H&O Does progression-free survival provide insight into any type of improvement for drug combinations?
IT If a treatment does not improve progression-free survival, then it has no effect. If progression-free survival does improve, the effect might not be meaningful. Bias occurs when more patients in one arm of a study are withdrawn and censored before tumor progression is documented; this is known as informative censoring. In a previous analysis, my colleagues and I showed that the addition of an ineffective but toxic drug to standard treatment can cause patients to withdraw from a study, leading to an apparent improvement in progression-free survival as a result of this bias. Thus, improvement in progression-free survival can be an artifact and does not necessarily indicate therapeutic value of a drug.
H&O Is there an alternative endpoint?
IT I suggest replacing progression-free survival with time to treatment failure if an earlier endpoint than overall survival is needed. An endpoint of time to treatment failure would encompass disease progression, as well as drug discontinuation for tolerability issues or for any reason. Time to treatment failure is still not a perfect correlate with overall survival, but it would avoid the bias of informative censoring. The FDA rejected this endpoint as a basis for drug approval, which I think was a mistake.
H&O Do you have any other recommendations to improve the design of clinical trials in oncology?
IT Particularly in the setting of metastatic cancer, which has relatively short survival, overall survival and quality of life should be the primary endpoints. Progression-free survival should not be used in diseases associated with short-term survival. As an example, progression-free survival should not be used in studies of pancreatic cancer, where the median survival is approximately a year. When evaluating treatments in diseases with survival measured in multiple years, a more proximal endpoint is needed. Time to treatment failure or some other endpoint may be appropriate, depending on the disease. Early treatment of prostate cancer or breast cancer is very different from treatment of metastatic pancreatic, lung, or colon cancer.
There are several other problems confounding the results of clinical trials, including use of a nonstandard control group and underestimation of toxicity. These issues are beyond the scope of this discussion.
Disclosure
Dr Tannock has no relevant conflicts of interest to disclose.
Suggested Readings
Booth CM, Eisenhauer EA. Progression-free survival: meaningful or simply measurable? J Clin Oncol. 2012;30(10):1030-1033.
Chen EY, Joshi SK, Tran A, Prasad V. Estimation of study time reduction using surrogate end points rather than overall survival in oncology clinical trials. JAMA Intern Med. 2019;179(5):642-647.
Del Paggio JC, Berry JS, Hopman WM, et al. Evolution of the randomized clinical trial in the era of precision oncology. JAMA Oncol. 2021;7(5):728-734.

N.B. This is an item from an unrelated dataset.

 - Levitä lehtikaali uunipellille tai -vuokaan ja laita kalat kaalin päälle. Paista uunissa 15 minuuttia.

Fojo T, Simon RM. Inappropriate censoring in Kaplan-Meier analyses. Lancet Oncol. 2021;22(10):1358-1360.
Gyawali B, Eisenhauer E, Tregear M, Booth CM. Progression-free survival: it is time for a new name. Lancet Oncol. 2022;23(3):328-330.

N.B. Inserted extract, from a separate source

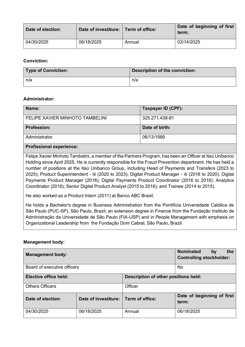 Date of election: Date of investiture: Term of office: Date of beginning of first term: 04/30/2025 06/18/2025 Annual 03/14/2025 Conviction: Type of Conviction: Description of the conviction: n/a n/a Administrator: Name: Taxpayer ID (CPF): FELIPE XAVIER MINHOTO TAMBELINI 325.271.438-81 Profession: Date of birth: Administrator 06/13/1989 Profissional experience: Felipe Xavier Minhoto Tambelini, a member of the Partners Program, has been an Officer at Itaú Unibanco Holding since April 2025. He is currently responsible for the Fraud Prevention department. He has held a number of positions at the Itaú Unibanco Group, including Head of Payments and Transfers (2023 to 2025); Product Superintendent - iti (2020 to 2023); Digital Product Manager - iti (2018 to 2020); Digital Payments Product Manager (2018); Digital Payments Product Coordinator (2016 to 2018); Analytics Coordinator (2016); Senior Digital Product Analyst (2015 to 2016); and Trainee (2014 to 2015). He also worked as a Product Intern (2011) at Banco ABC Brasil. He holds a Bachelor's degree in Business Administration from the Pontifícia Universidade Católica de São Paulo (PUC-SP), São Paulo, Brazil; an extension degree in Finance from the Fundação Instituto de Administração da Universidade de São Paulo (FIA-USP) and in People Management with emphasis on Organizational Leadership from the Fundação Dom Cabral, São Paulo, Brazil. Management body: Management body: Nominated by the Controlling stockholder: Board of executive officers No Elective office held: Description of other positions held: Others Officers Officer Date of election: Date of investiture: Term of office: Date of beginning of first term: 04/30/2025 06/18/2025 Annual 06/18/2025

Tannock IF, Amir E, Booth CM, et al. Relevance of randomised controlled trials in oncology. Lancet Oncol. 2016;17(12):e560-e567.
Tannock IF, Pond GR, Booth CM. Biased evaluation in cancer drug trials-how use of progression-free survival as the primary end point can mislead [posted online March 20, 2022]. JAMA Oncol. doi:10.1001/jamaoncol.2021.8206.
Templeton AJ, Amir E, Tannock IF. Informative censoring—a neglected cause of bias in oncology trials. Nat Rev Clin Oncol. 2020;17(6):327-328.